What Is Data Masking and How Do We Do It?
by Michiel Mulders
According to the 2019 IBM Data Breach report, the average data breach in 2019 cost 3.92 million USD. Businesses in certain industries, such as healthcare, suffer more substantial losses—6.45 million USD on average. As the amount of confidential data increases, so does the need to protect it. Data masking helps secure private data from malicious third parties wanting to abuse it. In this article, we’ll explain the process of data masking and why it’s crucial for protecting sensitive data.
What Is Data Masking?
Enterprises use data masking or data obfuscation to recognize and hide sensitive data. This sensitive data can vary from personal data such as phone numbers to intellectual property. There are several different ways in which data masking takes form. The general idea is that at the end of the process, the data will be safe. A concrete example would be a credit card number that has been scrambled or blurred.

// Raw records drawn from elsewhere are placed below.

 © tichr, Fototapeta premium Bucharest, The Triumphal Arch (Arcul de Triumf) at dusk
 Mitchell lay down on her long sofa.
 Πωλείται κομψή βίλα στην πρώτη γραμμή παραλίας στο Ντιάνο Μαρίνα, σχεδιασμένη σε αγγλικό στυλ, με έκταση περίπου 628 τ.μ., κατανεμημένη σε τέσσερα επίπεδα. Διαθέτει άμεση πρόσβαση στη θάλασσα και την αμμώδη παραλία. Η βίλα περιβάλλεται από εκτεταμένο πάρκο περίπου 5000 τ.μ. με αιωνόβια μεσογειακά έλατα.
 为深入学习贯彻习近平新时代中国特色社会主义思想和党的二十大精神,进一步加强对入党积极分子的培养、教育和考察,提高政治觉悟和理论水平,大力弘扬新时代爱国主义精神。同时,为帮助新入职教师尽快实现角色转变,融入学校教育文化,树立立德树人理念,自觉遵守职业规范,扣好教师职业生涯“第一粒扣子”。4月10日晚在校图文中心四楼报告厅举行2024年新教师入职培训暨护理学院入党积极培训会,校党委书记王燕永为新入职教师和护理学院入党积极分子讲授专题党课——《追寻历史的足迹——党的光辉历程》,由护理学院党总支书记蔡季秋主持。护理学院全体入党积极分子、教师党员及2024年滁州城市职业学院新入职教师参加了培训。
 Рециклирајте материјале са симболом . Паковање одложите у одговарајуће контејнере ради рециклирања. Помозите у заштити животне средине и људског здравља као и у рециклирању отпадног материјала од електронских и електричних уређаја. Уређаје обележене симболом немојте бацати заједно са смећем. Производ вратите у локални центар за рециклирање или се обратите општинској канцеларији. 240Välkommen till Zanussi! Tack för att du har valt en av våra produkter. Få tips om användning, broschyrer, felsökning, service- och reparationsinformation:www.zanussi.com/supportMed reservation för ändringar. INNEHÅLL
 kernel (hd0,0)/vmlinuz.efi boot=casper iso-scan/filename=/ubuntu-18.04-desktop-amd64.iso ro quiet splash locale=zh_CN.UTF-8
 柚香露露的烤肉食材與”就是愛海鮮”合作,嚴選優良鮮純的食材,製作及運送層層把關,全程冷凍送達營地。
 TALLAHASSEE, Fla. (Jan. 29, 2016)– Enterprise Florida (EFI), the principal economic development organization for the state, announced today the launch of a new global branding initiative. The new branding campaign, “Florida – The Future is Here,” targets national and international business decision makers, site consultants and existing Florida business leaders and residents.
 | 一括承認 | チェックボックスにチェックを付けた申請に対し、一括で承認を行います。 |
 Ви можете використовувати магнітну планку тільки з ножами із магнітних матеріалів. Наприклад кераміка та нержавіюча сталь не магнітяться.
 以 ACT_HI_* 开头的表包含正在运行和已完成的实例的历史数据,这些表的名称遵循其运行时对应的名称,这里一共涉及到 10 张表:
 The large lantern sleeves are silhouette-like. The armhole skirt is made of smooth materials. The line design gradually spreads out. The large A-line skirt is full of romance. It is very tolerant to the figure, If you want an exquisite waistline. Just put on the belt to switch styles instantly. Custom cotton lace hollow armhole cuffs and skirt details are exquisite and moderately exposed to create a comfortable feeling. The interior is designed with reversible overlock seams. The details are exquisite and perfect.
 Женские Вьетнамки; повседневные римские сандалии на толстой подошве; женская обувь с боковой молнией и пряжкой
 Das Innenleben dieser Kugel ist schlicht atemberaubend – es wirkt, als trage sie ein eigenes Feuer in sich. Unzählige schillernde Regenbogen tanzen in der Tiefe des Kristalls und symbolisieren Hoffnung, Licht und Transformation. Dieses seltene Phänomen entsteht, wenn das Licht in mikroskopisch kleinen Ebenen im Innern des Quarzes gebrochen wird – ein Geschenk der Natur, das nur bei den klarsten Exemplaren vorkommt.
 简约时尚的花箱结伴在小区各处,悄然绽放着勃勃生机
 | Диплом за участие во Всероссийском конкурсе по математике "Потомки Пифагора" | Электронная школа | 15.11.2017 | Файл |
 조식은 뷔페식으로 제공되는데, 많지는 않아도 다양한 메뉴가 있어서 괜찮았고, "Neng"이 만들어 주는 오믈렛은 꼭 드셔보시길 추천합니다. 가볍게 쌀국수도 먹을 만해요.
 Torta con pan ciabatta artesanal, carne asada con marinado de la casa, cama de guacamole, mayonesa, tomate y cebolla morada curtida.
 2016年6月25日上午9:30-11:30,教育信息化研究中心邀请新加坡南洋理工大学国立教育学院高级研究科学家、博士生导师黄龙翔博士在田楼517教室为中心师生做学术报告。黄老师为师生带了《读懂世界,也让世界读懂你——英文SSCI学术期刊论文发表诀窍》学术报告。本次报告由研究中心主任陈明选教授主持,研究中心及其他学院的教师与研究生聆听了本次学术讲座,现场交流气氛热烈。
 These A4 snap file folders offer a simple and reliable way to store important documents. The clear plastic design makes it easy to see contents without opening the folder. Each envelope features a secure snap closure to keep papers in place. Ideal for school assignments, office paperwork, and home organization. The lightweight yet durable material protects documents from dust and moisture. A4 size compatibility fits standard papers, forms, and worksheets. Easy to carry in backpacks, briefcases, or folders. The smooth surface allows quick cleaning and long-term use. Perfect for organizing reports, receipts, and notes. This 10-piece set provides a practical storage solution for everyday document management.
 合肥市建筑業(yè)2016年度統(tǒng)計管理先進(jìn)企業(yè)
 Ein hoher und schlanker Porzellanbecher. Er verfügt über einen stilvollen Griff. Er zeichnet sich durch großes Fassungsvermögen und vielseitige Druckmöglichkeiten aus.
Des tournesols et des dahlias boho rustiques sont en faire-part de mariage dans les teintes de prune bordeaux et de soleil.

Maybe you’ve already come across different types of data masking, such as static or dynamic masking. Static masking is what we call masking of data in stasis. Dynamic data masking is when the data masking happens on demand.
Often the database processes data whenever someone requests data from a production database. What happens is that database users connect to the database through a reverse proxy. This reverse proxy processes the requests and decides if it should mask the returned data or not. This depends on the permissions of the user. We’ll cover the different techniques used in this process more in detail.
Why Is Data Masking Important?
The amount of data that exists keeps growing each year. For every database in production, an organization often has several copies in circulation for various purposes. Though production databases are often well protected, the same is not always true for these copies. They often end up with third parties who use sensitive data for malicious purposes.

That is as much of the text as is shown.